“Politicians are all useless” trips easily from the tongue. Too easily. It’s the cue for a familiar rant. Unfortunately, the evidence mounts by the day that in South Africa it is simply true. True across parties, true across races, true across age groups, true across classes. That universal incompetence short-circuits democracy. The only way out is to introduce the people’s ability to remove someone from office without having to select a replacement — the right of recall. We need to demand that right, and demand it now, or our votes will strip us of our power.
South African democracy has a strange imbalance. A ward councillor can be removed by a party with a single fax. A mayor can be removed by a sequence of secret back room deals, capped by a visit from a provincial official. A president can be removed by a secret ballot, or by pressure from his party. The only way a politician can’t be removed is by the votes of the people, unless they’re prepared to wait for two or three or five years.
If it turns out your local ward councillor does nothing but pass the buck, you must wait. If the mayor delivers nothing but media spin, you have to wait. If the President is captured, you have to wait. If the President is out of ideas, you have to wait. Perhaps sometimes Twitter will put enough pressure on a senior figure to remove someone lower down the chain. That’s about it.
More frequent elections would not be a good fix for this problem. Admittedly, a country in permanent crisis and seemingly permanent complacency could probably do with a bit more short-term urgency. Short-termism is preferable to no-termism. But presuming at some point in the future at least some parties produced leaders who did more than sit on social media and make sure they and their staff get home before five, at that point an overly frequent election cycle might have unwelcome effects.
The more important objection to frequent elections is that it does not change the incentives facing politicians. Most often, the choice in an election is between one clearly ineffective person put up by a party that appeals to me, and another almost certainly as ineffective person put up by a party that revolts me. The individual politician knows it isn’t really about them, and so as long as their party retains loyalty and they turn out the vote they will remain in office, with only internal party politics to fear.

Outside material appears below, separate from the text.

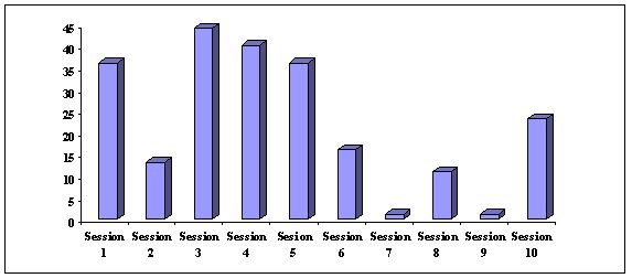 Figure 2. Distribution of messages to the various sessions of the e-Conference.
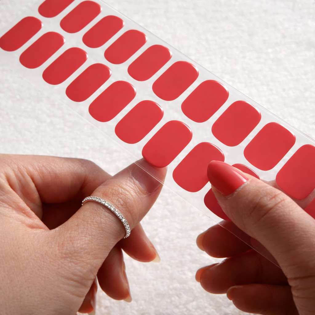 Each wrap is made from semi-cured gel, meaning it’s been partially hardened under UV light to create the perfect balance of flexibility and strength. Once applied and fully cured, it bonds seamlessly to the nail -delivering a smooth, durable finish that lasts up to 14 days without chipping, lifting, or peeling.

The alternative to such unaccountability is to adopt a mechanism that was first adopted in the US in its “reform” era, a 100 years ago. It is known as “recall”, and it is quite simple. If some number of an office holder’s constituents sign a petition calling for them to be removed, the number ideally being 10% of the number of votes cast in the constituency, then a vote is called with a simple question: Should this person be removed from office?
If the ballot passes, the person is removed from office, and a by-election is run for the position they vacated. Their party can put up another candidate, but the person themselves cannot run again. The link between party loyalty and personal identity is severed, and no officeholder can simply wait out their five years while doing nothing.
It may sound like this would create a great deal of instability. But the petition requirements for recall are not small. For a ward councillor, the petition would require about a thousand people, just in a small urban ward. And the evidence from other countries is that recall initiatives tend not to make it all the way to the ballot itself. Indeed, one easy way that politicians take this weapon out of the people’s hands is to set the petition requirements too high. Nigeria has a right of recall in theory, but has a threshold of 50% of registered voters (not votes cast) just for the petition, so unsurprisingly no recall vote ever happens. In countries where recall is a credible threat, as soon as an officeholder hears that a petition is gaining real momentum they start to react. The office-holders start to, well, work.
Implementation would be simple, at least for ward councillors. The Municipal Structures Act already has several sections dealing with vacancies by councillors, such as through retirement or illness, and governing the by-elections to replace them. All that needs doing is to insert a sub-section specifying the procedure above. The mechanics are straightforward, and all that would be required is an amendment passed in Parliament.
It matters that the implementation of recall is simplest for local government, because that is where service delivery happens and where anger is boiling. That is also the level of government absent from next year’s election, when we will vote for national and provincial candidates. The ward councillors elected in 2016 have three years left before they have to face voters again, unless the national parties commit to implementing recall. Next year’s horse-race will have little relevance to the anger surging through the country in one protest after another unless it leads to the creation of real accountability in local government. That will only happen if the national parties commit to passing a right of recall once elected.
The parties will resist even the idea of recall, let alone its implementation. A citizens’ right of recall will fundamentally weaken their power. They will invent all manner of excuses to avoid it. They will bleat about “stability” and the “legitimacy” of representatives, and utter dire warnings about exacerbating “factionalism”. They will offer no actual evidence. Councillors themselves will moan about “fairness”, as if democracy is high school and they have been elected to school prefect instead of to represent their people. Leaders of the parties will know that their rank and file depend on the patronage that comes with being a councillor.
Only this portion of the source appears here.